It comes down to, for European man, the call of the blood. We should not hesitate to answer that call. The philosophical speculators will tell us that such things belong to our caveman past and that we must evolve beyond it. Not so, at least not for European man. His blood has been linked to Christ’s through the blood of his ancestors. It is not some siren or some inhuman creature that calls the European. It is the bard of bards that calls.

If you put a gun to my head and ordered me to say which Church, the Protestant or the Catholic, was the more anti-Christian, I would say the Catholic Church. But it is really not a question of either/or. The Protestants responded to the Thomistic manure heap of philosophical speculation with their own brand of Calvinistic manure. Neither church has preserved the bardic or poetic core of the Christian Faith.

Christ is the sacred harpist of Western Civilization. The European people once danced, cried, lived and died to the sounds of His sacred harp. Why can we no longer hear it? We can no longer hear it because we have left the bardic forest and settled in the philosophic city. If we leave that city of desolation and enter the forest, we will hear, ever so slightly, the sound of a harp. And if we follow that sound, with a heart emptied of all other emotions save the desire to trace that sound to its source, we will proceed through the forest and come upon a cottage by a brook. And then what visions we shall see!

A man, if he is going to be a man, will come to a crossroads in his life. At that time he will hear the din of philosophical speculation which will appeal to his pride. And he will also hear the sound of the harp which will appeal to his blood. If he follows the music of the speculators, the music of the harp will fade and become, in the mind of the man, a fantasy, a dream, something that has no basis in reality. But if the man answers the call of the blood, he will gradually become so imbued with the sound of the harp that he will be immune to any other claim upon him. He will, like Hamlet, (“It is I, Hamlet the Dane”) finally know who he is and to whom he belongs.

All peoples except the European people listen to the call of the blood. But the non-European people have not been Christianized. When they answer the call of the blood, it is a call to shed blood. And now that there are not white men of blood to oppose them, the Mexicans have returned to their Aztec roots, committing hideous barbaric murders, and the Africans have returned to their voodoo roots, committing hideous and atrocious murders. And yet the modern European approves of the blood faiths of the heathens (Aztec art is all the rage in academia), while disapproving of any manifestation of the blood faith of the Europeans. The popular play Equus, for instance, depicted the plight of a pathetic, gutted psychiatrist who wondered about the wisdom of “curing” a boy who had a pagan, religious belief in horses. “The boy felt something genuine,” the psychiatrist lamented, which was more than he had ever felt. The play was seen as quite wonderful by all the play-going white people. But what if the boy had wanted to return to the Christian faith of his fathers, the faith that was bred in the bone? Would a play with such a theme have found an audience with the post-Christian theater-goers? Of course not.

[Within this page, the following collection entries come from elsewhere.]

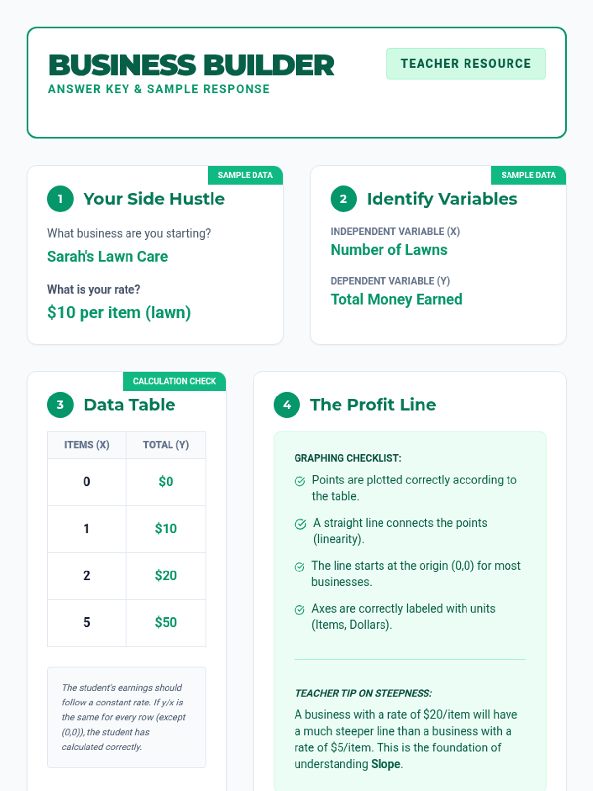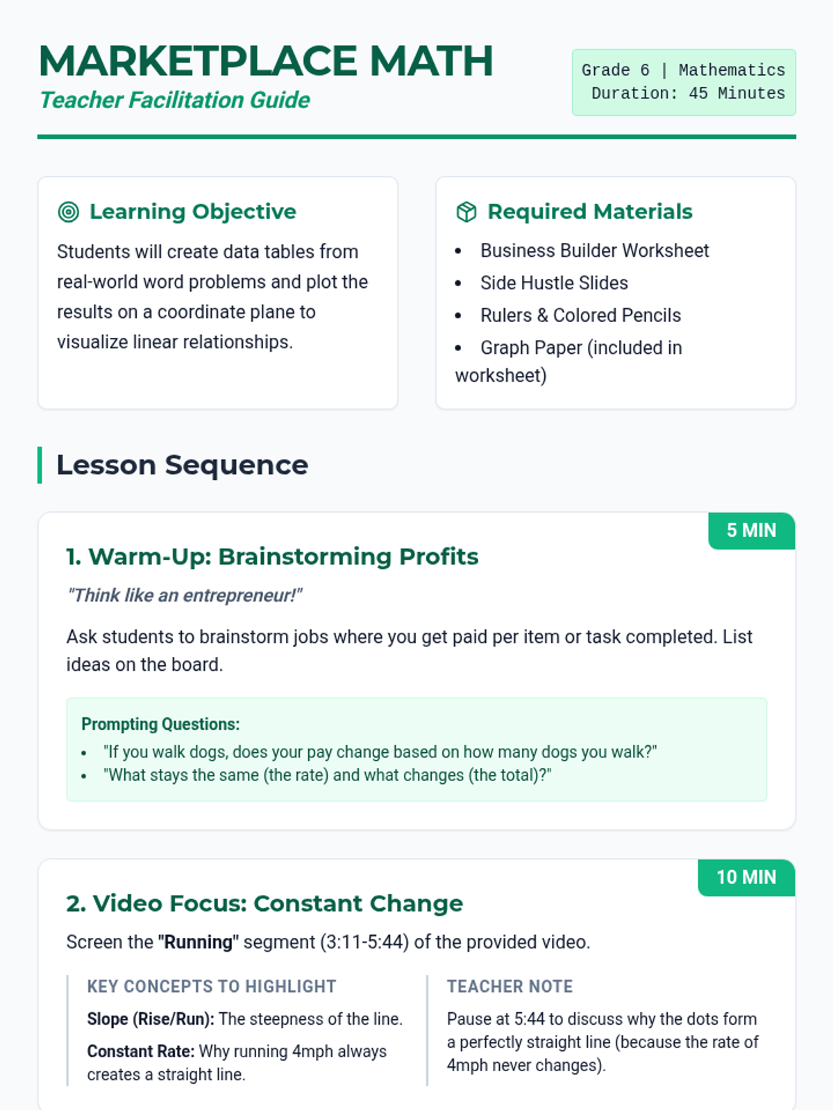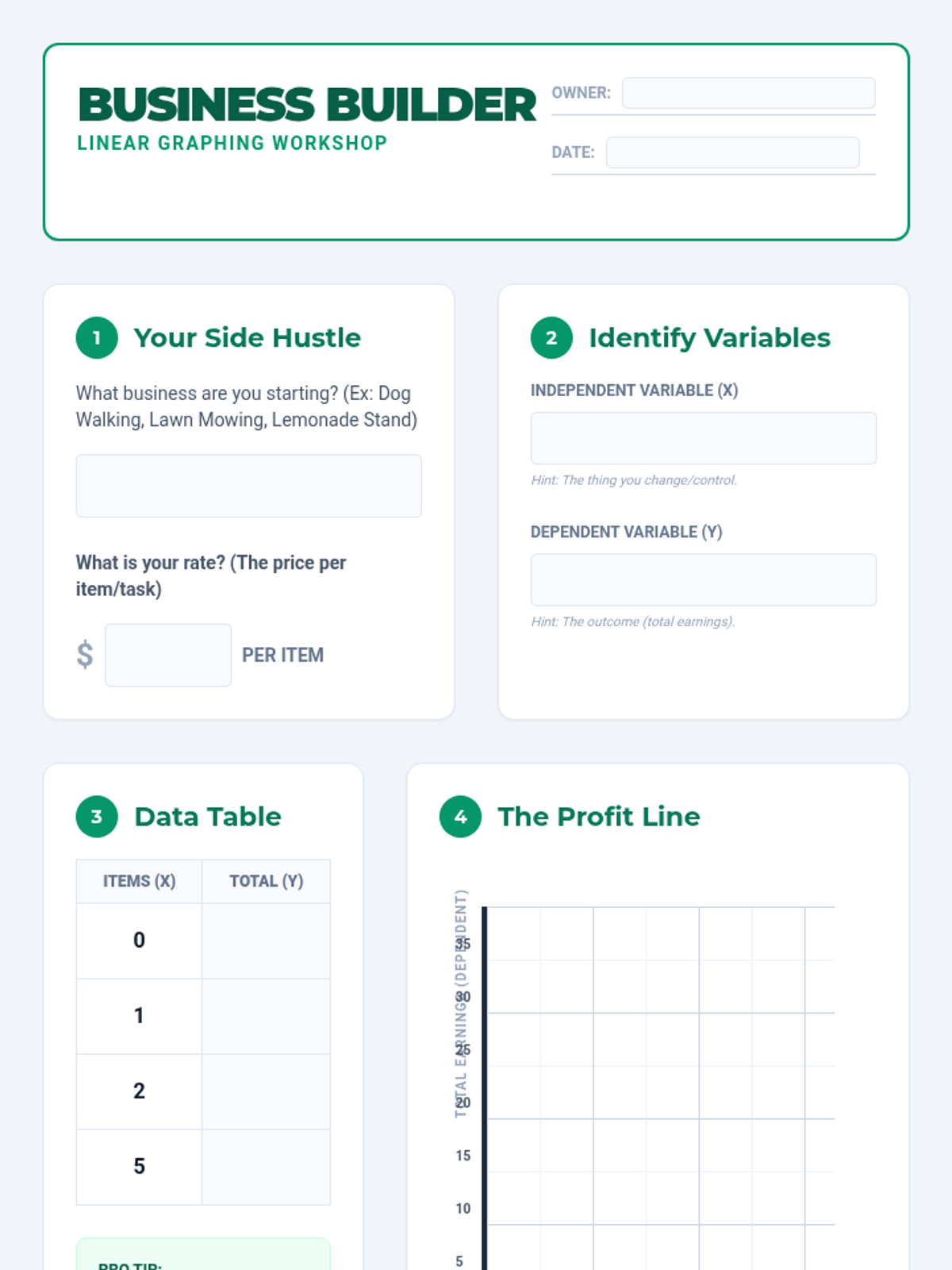 A 6th-grade math lesson where students learn to identify independent and dependent variables, create data tables from real-world scenarios, and graph linear relationships using a 'business owner' theme.
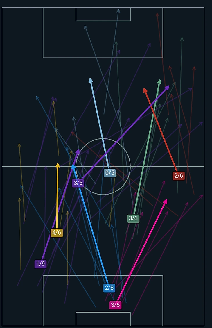 Намного эффективнее «мюнхенцы атаковали через длинные передачи. В первые 20 минут «Мюнхен» не пользовался ими, как основным оружием, по возможности разыгрывая через короткий пас. Но к концу первой половины тайма лонгболлы превратились в основной инструмент развития атак.
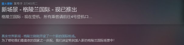 然而就在昨天,这款十多年前发售的游戏进行了一波重大更新,直接把格陵兰国际机场加入了游戏。好家伙,开发者对格陵兰确实是真爱了!
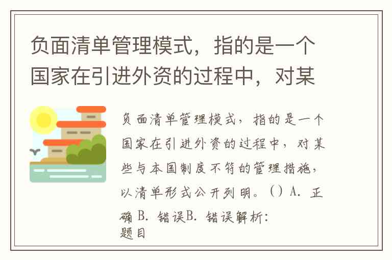 负面清单管理模式,指的是一个国家在引进外资的过程中,对某些与本国制度不符的管理措施,以清单形式公开列明。( ) A. 正确 B. 错误

The entire mound of philosophical speculation that Western man has heaped up and his current obsession with the cultures of color are related. Philosophic speculation has brought a sickness unto death into the soul of Western man. And he thinks the barbarians have the cure, even if that cure brings about Western man’s death. The end result of philosophical speculation, whether it is done in the name of religion or in the name of atheism, is suicide. Nothing seems real, and man seems unnecessary. But when one sees the faith through the eyes of the bard, when one gets to the poetic core of Europe, one can see that man is needed. He is needed by God. Certainly God creates us and sustains us, but His humanity, especially His infant humanity, must be defended. And He does have needs. He needs our love. We are tied to Him by ties of blood. If the European could see that, and every European is capable of seeing Christ walking in the sacred woods, he could once again claim his birthright, he would once again be a European.

In a marvelous series of stories for children and the childlike, Kipling places Puck of Shakespeare’s Midsummer Night’s Dream in England. England as seen in the eyes of Puck and his young English companions is an enchanted fairy land. And so it was and is. The fairies have been driven underground and to the furthermost crags and crannies of Europe, but they are still there. Western man has been asleep, having a nightmare. In that nightmare he constantly tries to touch people and objects, but every time he reaches out to do so the people and objects turn to ideas and they fade away. If the European man awakes, he will see the fairies once again, and they will teach him what he already knows deep in his blood. They will teach him that the sacred woods of Europe come from the wood of the cross and the great King of Fairy Land is the selfsame carpenter who died on a cross at Calvary.

European culture is separate now, and was separate in the past as well, from all other cultures. She is separate now because she alone is rationalist while all other cultures are blood cultures. She was separate in the past because her blood culture was soaked in the blood of the lamb while all other cultures were soaked in the blood of their enemies. Surely a state of grace does not just consist of refraining from the more graphic mortal sins. It must also mean that one has overcome the obstacles that block the path to the living God. The rationalist culture must die and the bardic culture be restored before Christ can be seen on Blake’s English green.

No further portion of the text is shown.